The Lawrence Court made it clear that rights recognized under the Due Process Clause of the Fourteenth Amendment are not limited only to the rights described above, noting that "[H]istory and tradition are the starting point but not in all cases the ending point of the substantive due process inquiry" (cited from County of Sacramento v. Lewis, 523 U.S. 833, 857 (1998) (Kennedy, J., concurring)). The California Supreme Court cited from relevant California case law to arrive at the same conclusions as those arrived at by the US Supreme Court in its due process jurisprudence, reaching the same result with respect to the identification and recognition of fundamental rights. The California constitution also contains an explicit privacy clause, which has allowed the state courts to develop due process analysis in a manner analogous to that in which the US Supreme Court has developed due process analysis (a long line of case law rests on this development – see, e.g. Meyer v. Nebraska, 262 U.S. 390 (1923), Skinner v. Oklahoma, 316 U.S. 535 (1942), Griswold v. Connecticut, 381 U.S. 479 (1965), Eisenstadt v. Baird, 405 U.S. 438 (1972), Loving v. Virginia, 388 U.S. 1 (1967), and of course Lawrence (supra)).
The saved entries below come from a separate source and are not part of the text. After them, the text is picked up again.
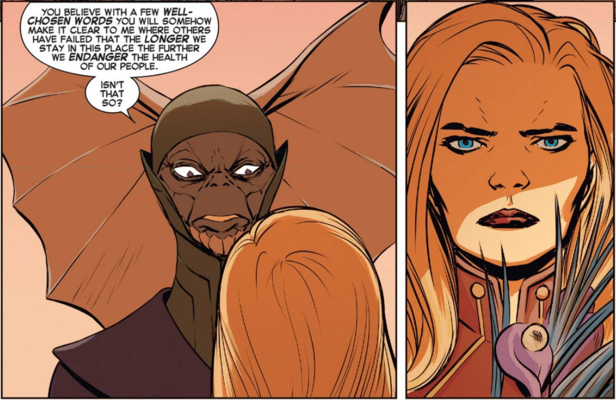 It’s not the most elegant explanation (seriously, why couldn’t they just move the sick people, too?), but it serves to give Carol a perspective that she didn’t have before arriving. She swings pretty effectively from “why don’t these silly people just do this simple little thing?” to “I can see why that thing is far from simple, and why these people are far from silly.” That kind of receptiveness has long been part of this series DNA, but with so much of the meta-discussion of this series tied up in feminism — from Kelly Sue DeConnick’s place in the comics landscape to the strength of Carol’s characterization to the welcoming home so many fans have found in this series — it’s actually refreshing that this perspective is focused on intergalactic diplomacy, rather than anyone’s gender.
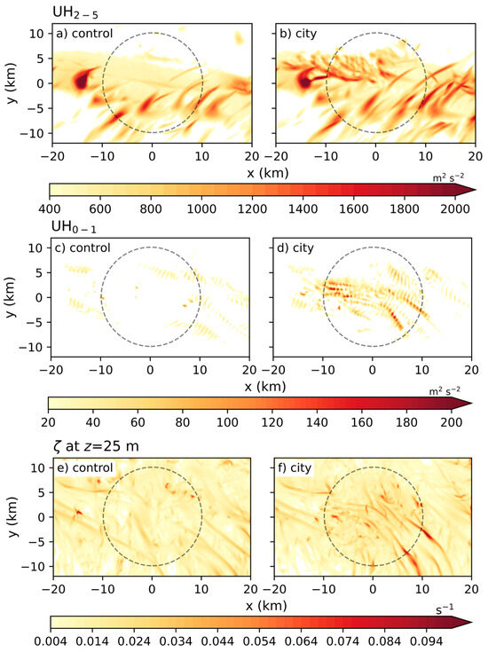 Swaths of 2–5 km updraft helicity (a,b), 0–1 km updraft helicity (c,d), and vertical vorticity (; e,f) at the lowest model level. The 0–1 km UH values are filtered based on a 2–5 km UH threshold of 150 m2 s−2. The dashed gray circle represents the location and extent of the simplified city. For the control simulations (a,c), the areal extent of the simplified city is simply shown for reference.
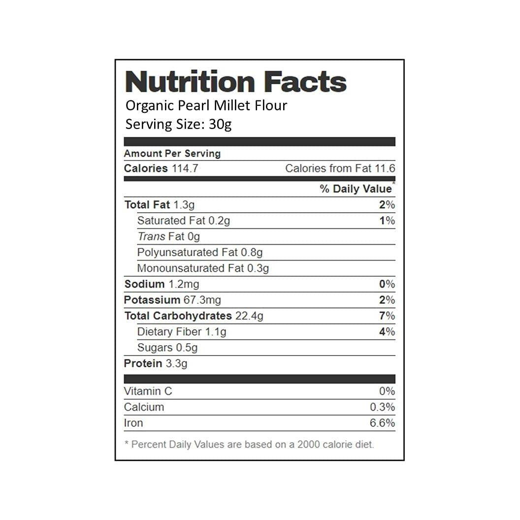 - Aiva Organic Pearl Millet Flour is 100% Natural, No preservatives, Non-GMO PREMIUM Gourmet Food Grade Flour.
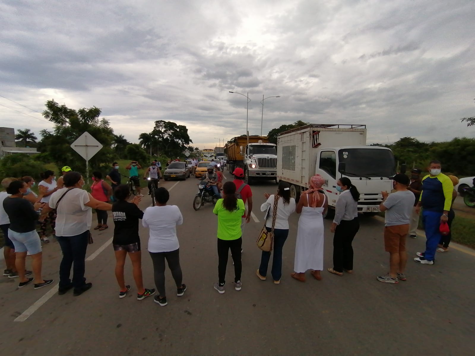 Los vecinos bloquearon la Circunvalar (vía a Turbaco) en sentido Pozón- Rodeo desde las 6:30 de la mañana lo que ocasionó grandes embotellamientos.

The California Supreme Court framed the issue as one of whether or not gay people should be able to exercise an already recognized fundamental right (the right to marry), rather than whether the court should recognize a new fundamental right to “same-sex marriage.”
In support of this paradigm, the California Supreme Court referred to Perez v. Sharp, 32 Cal.2d 711 (1948), in which decision this court invalidated the California “anti-miscegenation” statute, becoming the first state in the nation to invalidate such a statute (the US Supreme Court invalidated all such statutes 19 years later when it handed down Loving v. Virginia, 388 U.S. 1 (1967)). Perez was handed down by a deeply divided court, as was the case with respect to in re Marriage Cases, supra (the case under discussion). Just as the right to marry should not depend on an individual’s race, the court argued that it should not depend on an individual’s sexual orientation. The state countered with the argument that “domestic partnerships” already provided gay couples who entered into these relationships all of the substantive rights of marriage – however, the court correctly noted that the reservation of “the historic designation of ‘marriage’” exclusively for opposite-sex couples posed a serious risk of denying to gay couples in substantively identical relationships equal dignity and equal respect.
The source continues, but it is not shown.